DATA FOR REVIEW –
----------------

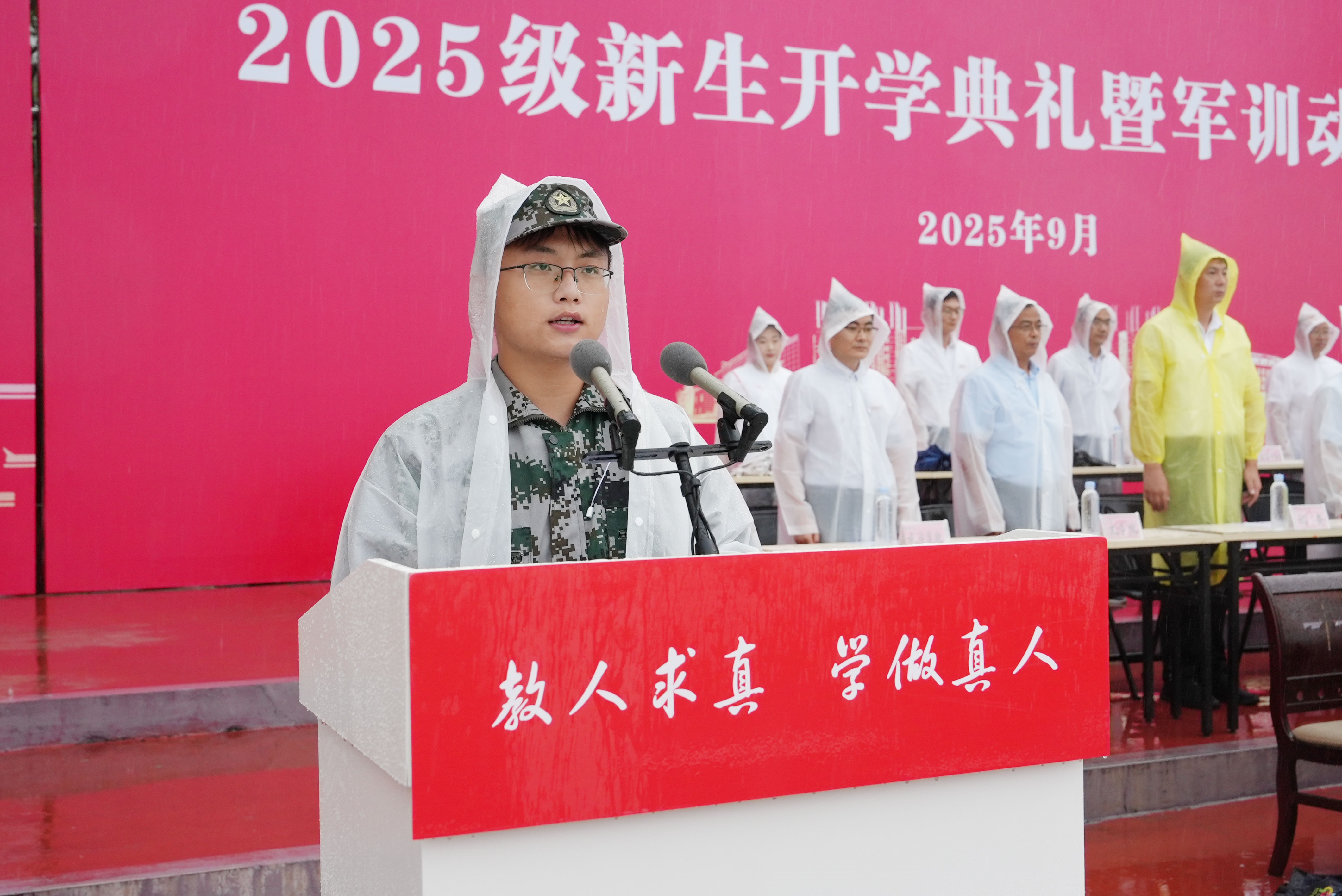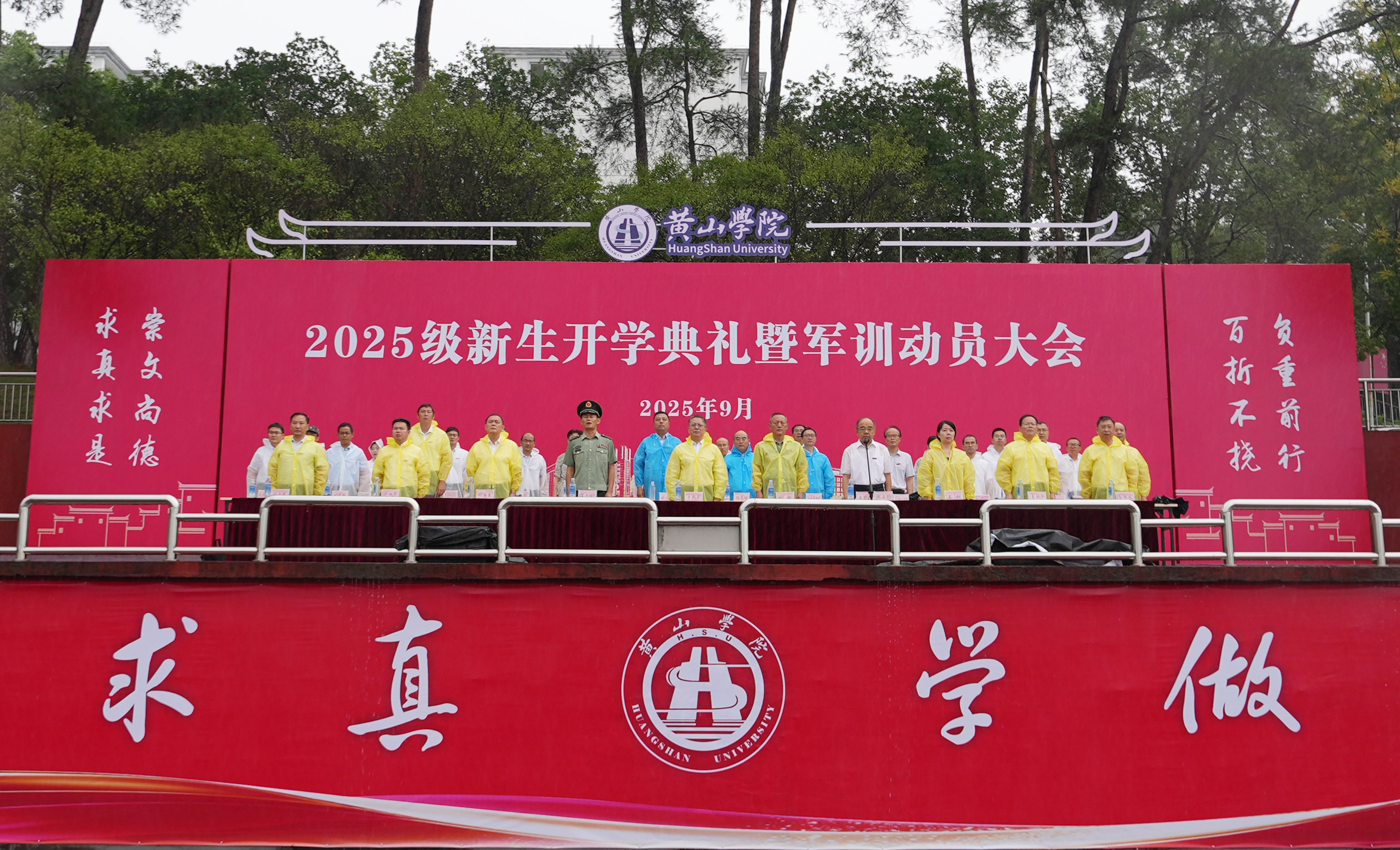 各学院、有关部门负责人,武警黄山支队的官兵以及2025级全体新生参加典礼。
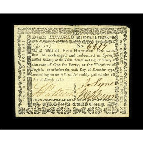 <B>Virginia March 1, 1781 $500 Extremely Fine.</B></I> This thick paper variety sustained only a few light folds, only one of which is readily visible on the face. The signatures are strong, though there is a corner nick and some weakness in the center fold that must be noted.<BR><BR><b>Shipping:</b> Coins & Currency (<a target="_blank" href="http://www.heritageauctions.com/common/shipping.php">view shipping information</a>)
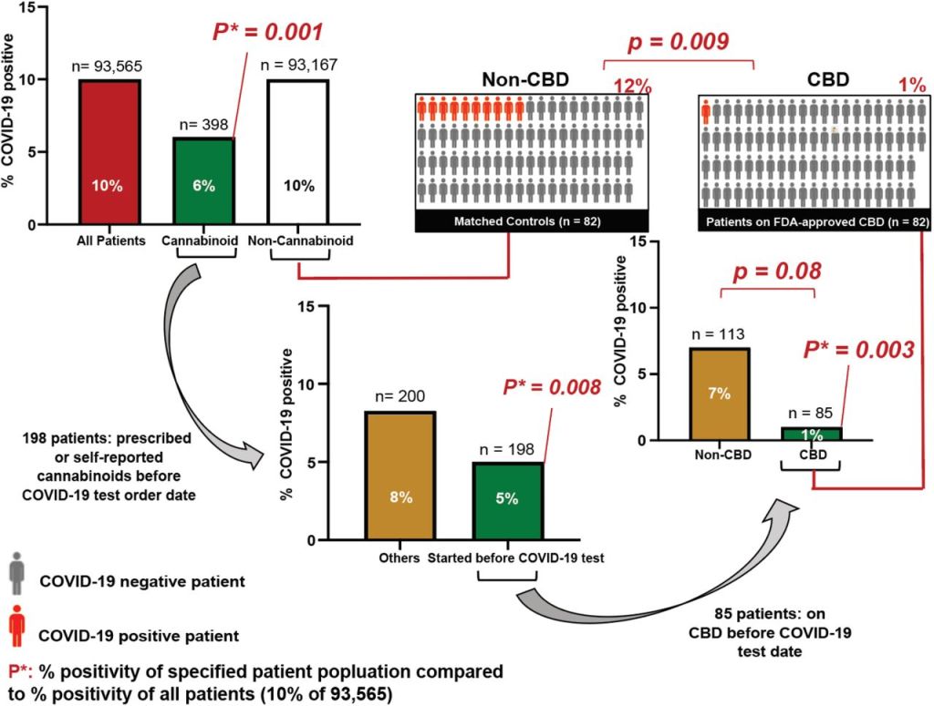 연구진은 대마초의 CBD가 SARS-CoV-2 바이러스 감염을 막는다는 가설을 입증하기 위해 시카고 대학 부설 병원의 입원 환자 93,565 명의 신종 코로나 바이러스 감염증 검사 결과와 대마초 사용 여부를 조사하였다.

----------------

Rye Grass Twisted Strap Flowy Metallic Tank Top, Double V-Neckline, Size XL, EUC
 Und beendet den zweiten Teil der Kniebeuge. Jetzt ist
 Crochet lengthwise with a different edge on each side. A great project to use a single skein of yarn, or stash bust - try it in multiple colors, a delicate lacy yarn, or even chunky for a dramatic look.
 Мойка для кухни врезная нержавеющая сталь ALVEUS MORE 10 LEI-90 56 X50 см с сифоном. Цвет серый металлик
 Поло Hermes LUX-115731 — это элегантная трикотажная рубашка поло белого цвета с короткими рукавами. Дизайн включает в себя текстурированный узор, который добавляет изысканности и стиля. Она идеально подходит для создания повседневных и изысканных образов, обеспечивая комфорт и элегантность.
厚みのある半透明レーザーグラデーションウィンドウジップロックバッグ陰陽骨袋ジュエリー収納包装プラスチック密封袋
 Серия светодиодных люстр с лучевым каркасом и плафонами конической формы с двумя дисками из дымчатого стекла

----------------

EXERCISE BRIEF – Starting at the line that has "厚みのある半透明レーザーグラ" in the records above, restate word for word every line until the one that has "Серия светодиодных люстр", and include that one as well.

YOUR RESPONSE –
厚みのある半透明レーザーグラデーションウィンドウジップロックバッグ陰陽骨袋ジュエリー収納包装プラスチック密封袋
 Серия светодиодных люстр с лучевым каркасом и плафонами конической формы с двумя дисками из дымчатого стекла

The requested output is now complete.